Chapter 75 - Chronic Skin Conditions
A nurse is providing information about a new prescription for corticosteroid cream to a client who has mild psoriasis. Which of the following should the nurse include in the information? (Select all that apply.) A. Apply an occlusive dressing after application. B. Apply three to four times per day. C. Wear gloves after application to lesions on the hands. D. Avoid applying in skin folds. E. Use medication continuously over a period of several months.
A. CORRECT: An occlusive dressing can enhance the efficacy of the topical corticosteroid on the exposed lesions. B. INCORRECT: Corticosteroid cream is applied twice daily to prevent development of local and systemic adverse effects. C. CORRECT: Gloves worn after the medication can enhance the efficacy of the topical corticosteroid on the exposed lesions of the hands. D. CORRECT: Corticosteroid cream applied to lesions in skin folds increases the risk of yeast infections. E. INCORRECT: Corticosteroid cream used continuously can increase the risk for development of local and systemic adverse effects.

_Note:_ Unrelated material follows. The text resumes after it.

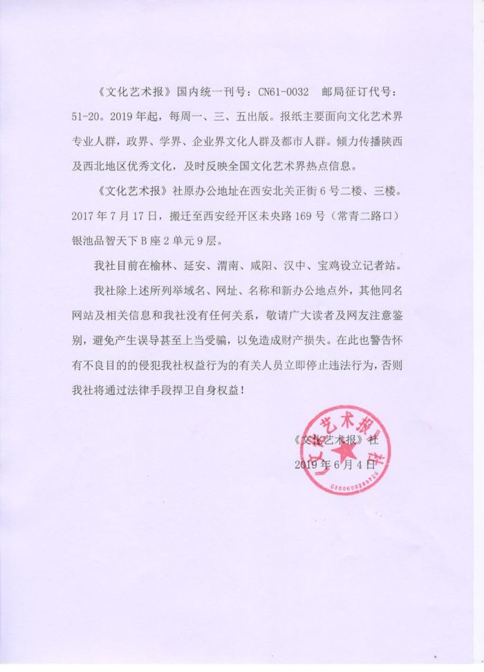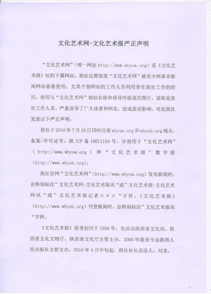文化藝術(shù)網(wǎng)-文化藝術(shù)報嚴正聲明“文化藝術(shù)網(wǎng)”(唯一網(wǎng)址http://www.www.c710.com)系《文化藝術(shù)報》社的下屬網(wǎng)站,我社近期發(fā)現(xiàn)“文化藝術(shù)網(wǎng)”被至少兩家非新聞網(wǎng)站惡意使用;尤其個別網(wǎng)站的工作人員利用曾在我社工作的經(jīng)歷,使用與“文化藝術(shù)網(wǎng)”相似名稱和誘導(dǎo)性極強的圖片,謊稱是我社工作人員,嚴重誤導(dǎo)了廣大讀者和網(wǎng)友,造成惡劣影響,對此我社發(fā)表以下嚴正聲明: 我社于2016年7月28日同時注冊www.c710.com和whysb.org域名,備案/許可證號:陜ICP備16011134號,分別用于“文化藝術(shù)網(wǎng)”(http://www.www.c710.com)和“文化藝術(shù)報”數(shù)字報(http://www.whysb.org)。 我社官網(wǎng)“文化藝術(shù)網(wǎng)”(http://www.www.c710.com)發(fā)布新聞時,會特別標注“文化藝術(shù)網(wǎng)-文化藝術(shù)報訊”或“文化藝術(shù)報-文化藝術(shù)網(wǎng)訊”或“文化藝術(shù)報記者×××”字樣!段幕囆g(shù)報》(http://www.whysb.org)刊登新聞時,會特別標注“文化藝術(shù)報訊”字樣。 《文化藝術(shù)報》前身創(chuàng)刊于1958年,先后由陜西省文化局、陜西省文化文物廳、陜西省文化廳主管主辦,2000年底至今由陜西人民出版社主管主辦。2016年4月中旬起,報社社長及法人:劉龍。 《文化藝術(shù)報》國內(nèi)統(tǒng)一刊號:CN61-0032 郵局征訂代號:51-20。2019年起,每周一、三、五出版。報紙主要面向文化藝術(shù)界專業(yè)人群,政界、學(xué)界、企業(yè)界文化人群及都市人群。傾力傳播陜西及西北地區(qū)優(yōu)秀文化,及時反映全國文化藝術(shù)界熱點信息。 《文化藝術(shù)報》社原辦公地址在西安北關(guān)正街6號二樓、三樓。2017年7月17日,搬遷至西安經(jīng)開區(qū)未央路169號(常青二路口)銀池品智天下B座2單元9層。 我社目前在榆林、延安、渭南、咸陽、漢中、寶雞設(shè)立記者站。 我社除上述所列舉域名、網(wǎng)址、名稱和新辦公地點外,其他同名網(wǎng)站及相關(guān)信息和我社沒有任何關(guān)系,敬請廣大讀者及網(wǎng)友注意鑒別,避免產(chǎn)生誤導(dǎo)甚至上當受騙,以免造成財產(chǎn)損失。在此也警告懷有不良目的的侵犯我社權(quán)益行為的有關(guān)人員立即停止違法行為,否則我社將通過法律手段捍衛(wèi)自身權(quán)益! 《文化藝術(shù)報》社 2019年6月4日

A nurse is assessing a client who has seborrheic keratosis on the forehead and nose. Which of the following manifestations should the nurse expect to find? (Select all that apply.) A. Waxy appearance of the lesions B. Black, rough lesions C. Pruritus of the lesions D. Purplish skin stain around the lesion E. Wartlike surface of the lesions
A. CORRECT: Seborrheic keratosis lesions appear waxy in texture. B. CORRECT: Seborrheic keratoses are tan, brown, or black lesions that are rough and become irritated due to friction. C. INCORRECT: Seborrheic keratoses may become irritated from friction but are not pruritic lesions. D. INCORRECT: Seborrheic keratosis does not cause a purplish skin stain around the lesion. E. CORRECT: A wartlike surface of the lesions is common for seborrheic keratosis, and the lesions are removed for cosmetic reasons.
A nurse is educating a female client on the use of calcipotriene (Dovonex) topical medication for the treatment of psoriasis. Which of the following information should the nurse include? (Select all that apply.) A. Recommended for facial lesions. B. Expect a stinging sensation upon application. C. Apply to the scalp. D. Obtain a pregnancy test. E. Limit application to skin folds.
A. INCORRECT: Applying calcipotriene to the face is not recommended because it may cause facial dermatitis. B. CORRECT: Calcipotriene causes stinging and burning sensations when applied to the lesions. C. CORRECT: Calcipotriene solution is applied to scalp lesions. D. CORRECT: Calcipotriene can cause birth defects. Female clients should obtain a pregnancy test before using the medication. E. CORRECT: Applying calcipotriene to skin folds can cause a possible local reaction of itching, irritation, and erythema.
A nurse is teaching a client who has a history of psoriasis about photochemotherapy and ultraviolet light (PUVA) treatments. Which of the following should the nurse include in the teaching? A. Apply coal tar before each treatment. B. Administer a psoralen medication before the treatment. C. Use this treatment every evening. D. Remove the scales gently following each treatment.
A. INCORRECT: PUVA treatment does not involve the use of coal tar. B. CORRECT: PUVA treatment involves the administration of a medication, such as a psoralen, to enhance photosensitivity. C. INCORRECT: PUVA treatments are completed two to three times each week and not on consecutive days. D. INCORRECT: Removal of scales may cause bleeding and is not recommended when treating psoriasis.
A nurse is providing teaching to a client who has a prescription for methotrexate (Trexall) for severe psoriasis. Which of the following information should the nurse include? A. Drink a glass of wine daily. B. Monitor for evidence of infection. C. Monitor kidney function tests regularly. D. Expect increased bruising.
A. INCORRECT: The client should not drink alcohol when taking methotrexate because the medication can cause liver damage. B. CORRECT: The client should monitor for fever and sore throat, which are signs of infection. Methotrexate can cause blood dyscrasias such as leukopenia. C. INCORRECT: The client should have liver function levels monitored frequently because the medication can cause liver damage. D. INCORRECT: The client should report increased bruising because methotrexate can cause blood dyscrasias such as thrombocytopenia.